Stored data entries
★ ★ ★ ★
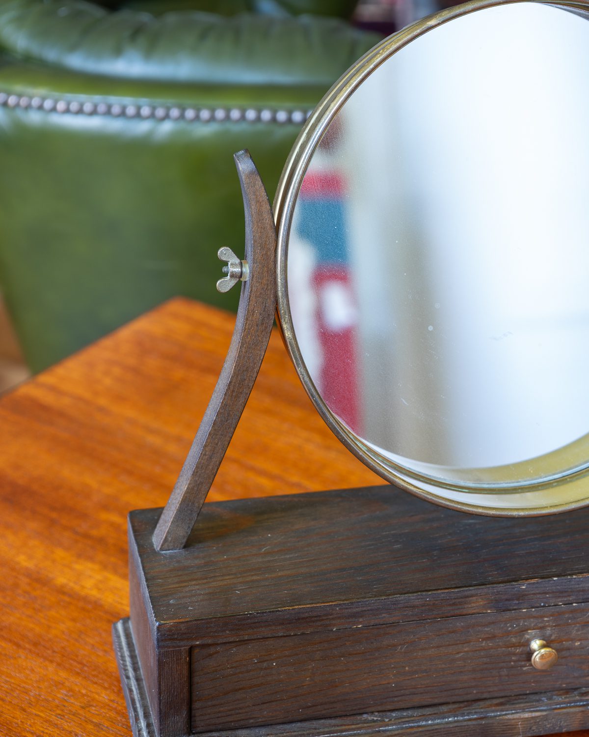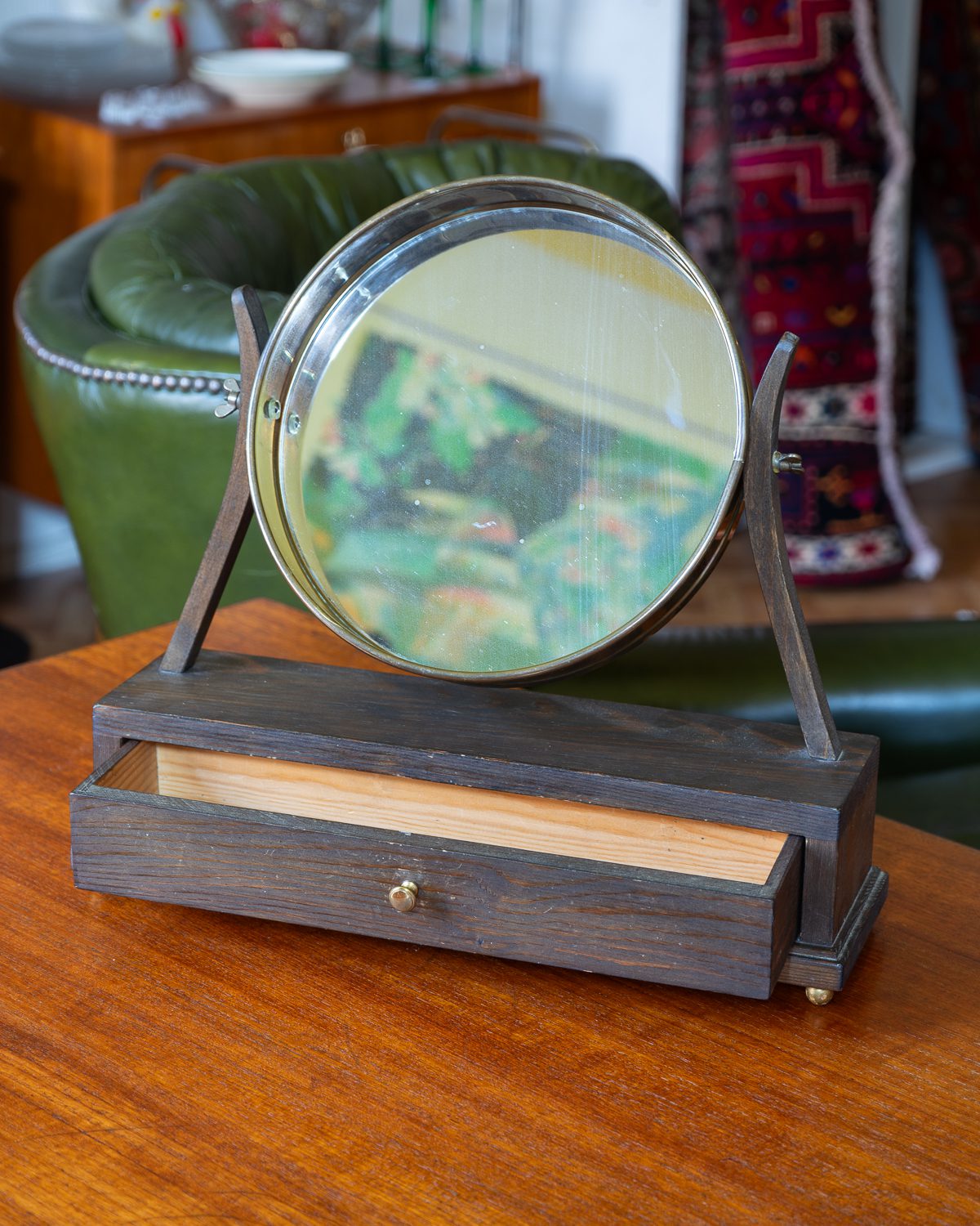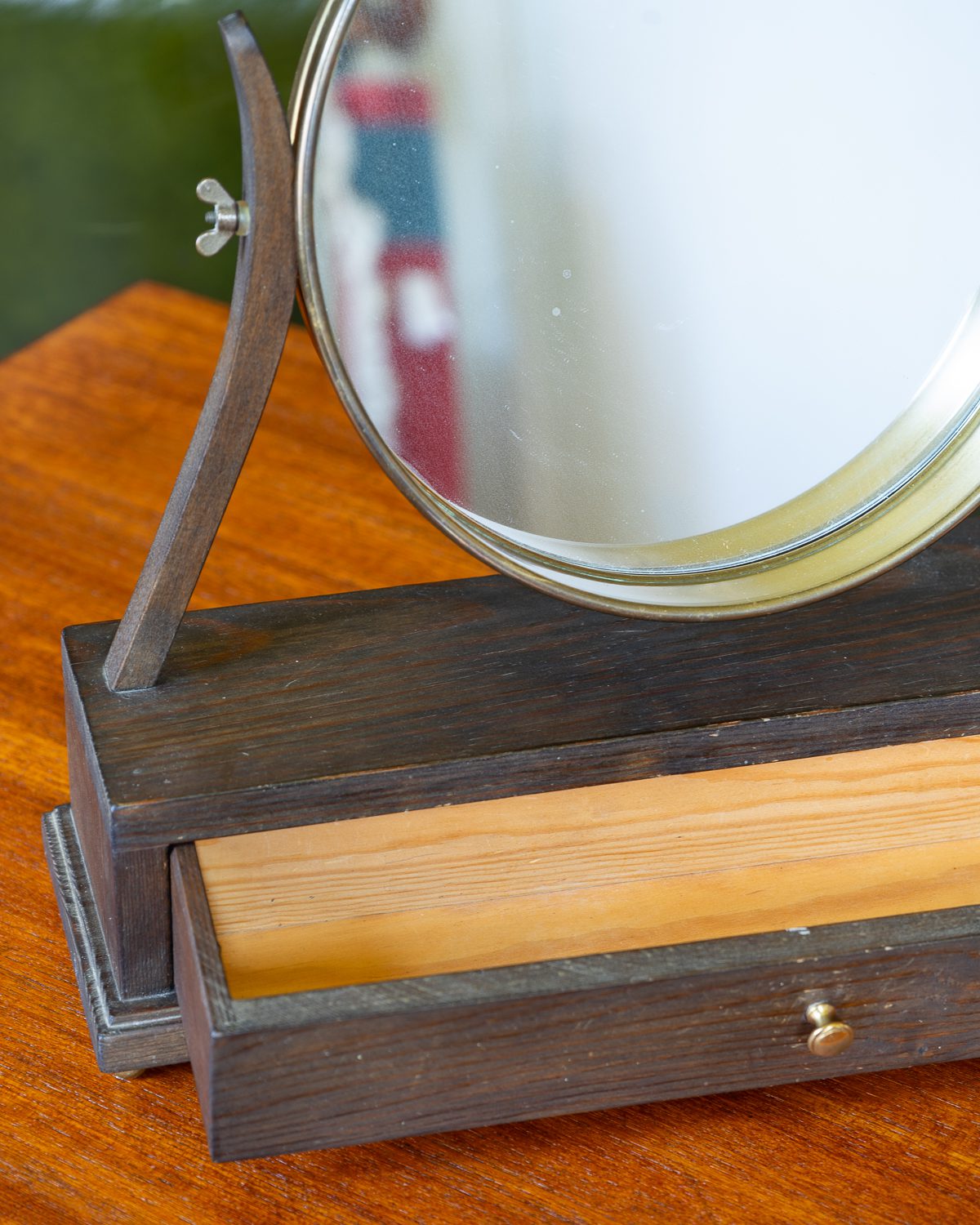 Messingust detailidega puidust väikse sahtliga lauapeegel. Peegli kalle on reguleeritav, muutes selle praktiliseks meigilauale või dekoratsiooniks kummutile. Peegel on heas vintage seisukorras ja väljanägemisega, puitpind ja peegel on terved.
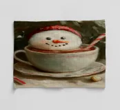 Ein verspieltes Weihnachtsmotiv: Ein Schneemann mit roter Mütze sitzt fröhlich in einer Tasse heißer Schokolade, verziert mit Zuckerstange. Warme Farben, nostalgischer Malstil und liebevolle Details machen dieses Bild zu einem Highlight für Winterdeko und Geschenkideen. Ideal für alle, die Weihnachtskunst, Winterillustrationen und süße Motive lieben. Perfekt als Weihnachtsbild, Snowman Poster, Retro Christmas Art, Holiday Decor, festliche Wandbilder, Winterkunstwerk, Geschenkidee und gemütliche Home-Deko.
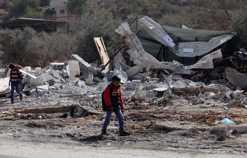 APA imagesPalestinians inspect the rubble of shelters demolished after Israeli authorities said they were built without a permit in the village of Beita, south of the West Bank city of Nablus, on 3 November. Israel routinely denies Palestinians building permits and then destroys structures built without permission.
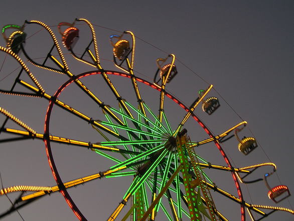 The original Ferris Wheel was designed and constructed by George Washington Gale Ferris Jr. as a landmark for the 1893 World's Columbian Exposition in Chicago. The generic term Ferris wheel is now used for all such structures, which have become the most common type of amusement ride at state fairs in the United States.
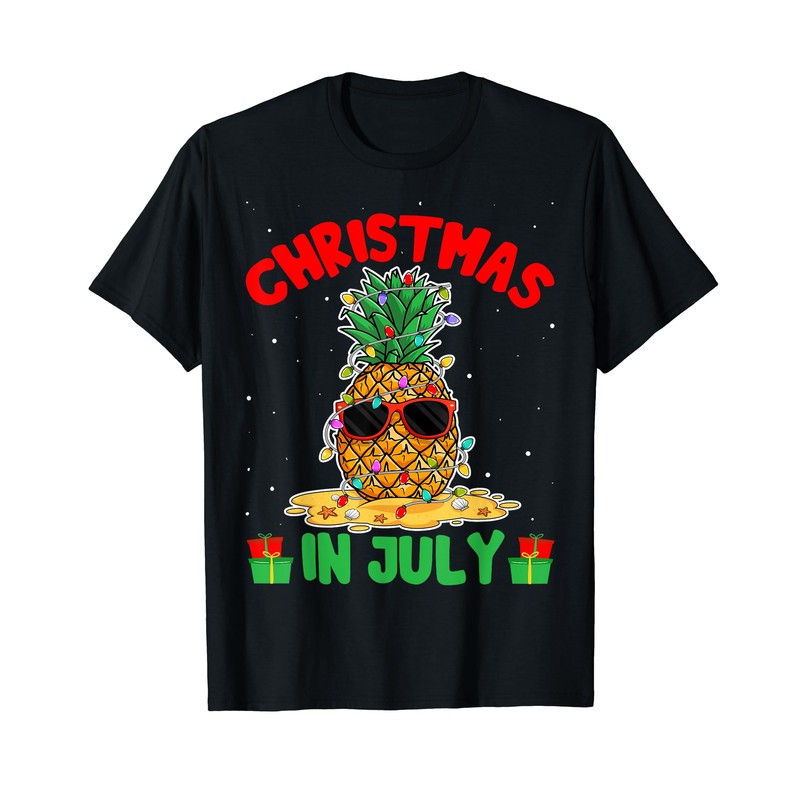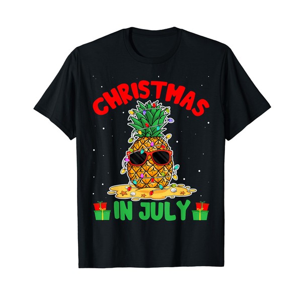 - This funny Christmas in July pineapple palm tree lights t-shirt is a perfect gift idea & present for beach lover men, women, kids, boys, and girls. Grab your Santa hat and Xmas lights and enjoy Christmas at the beach!
★ ★ ★ ★
Every entry is to be reproduced word for word, and no image is carried over.

 Messingust detailidega puidust väikse sahtliga lauapeegel. Peegli kalle on reguleeritav, muutes selle praktiliseks meigilauale või dekoratsiooniks kummutile. Peegel on heas vintage seisukorras ja väljanägemisega, puitpind ja peegel on terved.
 Ein verspieltes Weihnachtsmotiv: Ein Schneemann mit roter Mütze sitzt fröhlich in einer Tasse heißer Schokolade, verziert mit Zuckerstange. Warme Farben, nostalgischer Malstil und liebevolle Details machen dieses Bild zu einem Highlight für Winterdeko und Geschenkideen. Ideal für alle, die Weihnachtskunst, Winterillustrationen und süße Motive lieben. Perfekt als Weihnachtsbild, Snowman Poster, Retro Christmas Art, Holiday Decor, festliche Wandbilder, Winterkunstwerk, Geschenkidee und gemütliche Home-Deko.
 APA imagesPalestinians inspect the rubble of shelters demolished after Israeli authorities said they were built without a permit in the village of Beita, south of the West Bank city of Nablus, on 3 November. Israel routinely denies Palestinians building permits and then destroys structures built without permission.
 The original Ferris Wheel was designed and constructed by George Washington Gale Ferris Jr. as a landmark for the 1893 World's Columbian Exposition in Chicago. The generic term Ferris wheel is now used for all such structures, which have become the most common type of amusement ride at state fairs in the United States.
 - This funny Christmas in July pineapple palm tree lights t-shirt is a perfect gift idea & present for beach lover men, women, kids, boys, and girls. Grab your Santa hat and Xmas lights and enjoy Christmas at the beach!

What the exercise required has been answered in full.